Assume the distribution is normal. Use the area of the normal curve to answer the question. Round to the nearest whole percent.

Question

The average size of the fish in a lake is 11.4 inches, with a standard deviation of 3.2 inches. Find the probability of catching a fish longer than 17 inches.

I posted another question on standard deviation earlier, but I'm unable to find clear results on how to solve this problem specifically either.

I know the equation for standard deviation but the part I cannot find any information online is how to solve "longer than 17 inches". I keep finding similar question that will ask to find the probability in between two numbers but I can't find much else.

Answer 1

You have $X \sim\mathsf{Norm}(\mu=11.4,\sigma=3.2).$ You seek $P(X > 17) - 1 - P(X \le 17) = 0.0401,$ to four places.

Here is the exact numerical answer from R, where pnorm is a normal CDF.[If you're using a statistical calculator you should be able to use it to get the same answer.]

1 - pnorm(17, 11.4, 3.2)
[1] 0.04005916

Because $17 - 11.4 = 5.6$ and $5.6/3.2 = 1.75$ you're asking for the probability of a fish with length more than 1.75 standard deviations above the mean. By the Empirical Rule the probability in a normal distribution more than $2\sigma$ above the mean is only about 2.5%. So, if you're familiar with this rule, you should not be surprised that the numerical answer is so small.

If you are supposed to get the answer by standardizing and using a printed CDF table of the standard normal distribution, you could begin as follows:

$$P(X \le 17) = P\left(\frac{X=\mu}{\sigma} \le \frac{17 - 11.4}{3.2}\right) = P(Z \le 1.75),$$ where $Z$ has a standard normal distribution.

I will leave it to you to figure out how to get the answer from a printed table. Various textbooks have different styles of normal tables, so you will have to figure out how to use the table in your book.
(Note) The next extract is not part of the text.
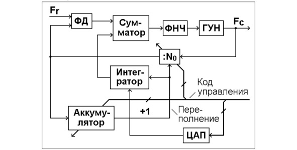 Каждое переполнение аккумулятора вызывает скачёк частоты на выходе делителя частоты. Чтобы его скомпенсировать, необходимо создать сигнал, соответствующий получаемому при этом отклонению фазы, и сложить его в противофазе с напряжением на выходе фазового детектора. Для этого и служит интегратор. Он может быть выполнен на базе операционного усилителя.

You will start by finding 1.75 in the margins of the table and getting a relevant probability from the body of the table.

In the figure below, the left-hand panel shows the problem on a scale of inches and the right-hand panel shows the 'standardized' version of the problem compatible with printed tables. In both cases the total area under the density curve is $1,$ and the final numerical answer is the area to the right of the dotted vertical line.

R code to make the figure (in case anyone wants to see it):

par(mfrow=c(1,2))
 curve(dnorm(x, 11.4, 3.2), 0, 25, lwd=2, ylab="Density", 
       xlab="Inches", main="NORM(11.4, 3.2)")
  abline(h=0, col="green2")
  abline(v=17, col="red", lwd=2, lty="dotted")
 curve(dnorm(x, 0, 1), -3.5, 3.5, lwd=2, ylab="Density",
       xlab="z", main="NORM(0, 1)")
  abline(h=0, col="green2")
  abline(v=0, col="green2")
  abline(v=1.75, col="red", lwd=2, lty="dotted")
par(mfrow=c(1,1))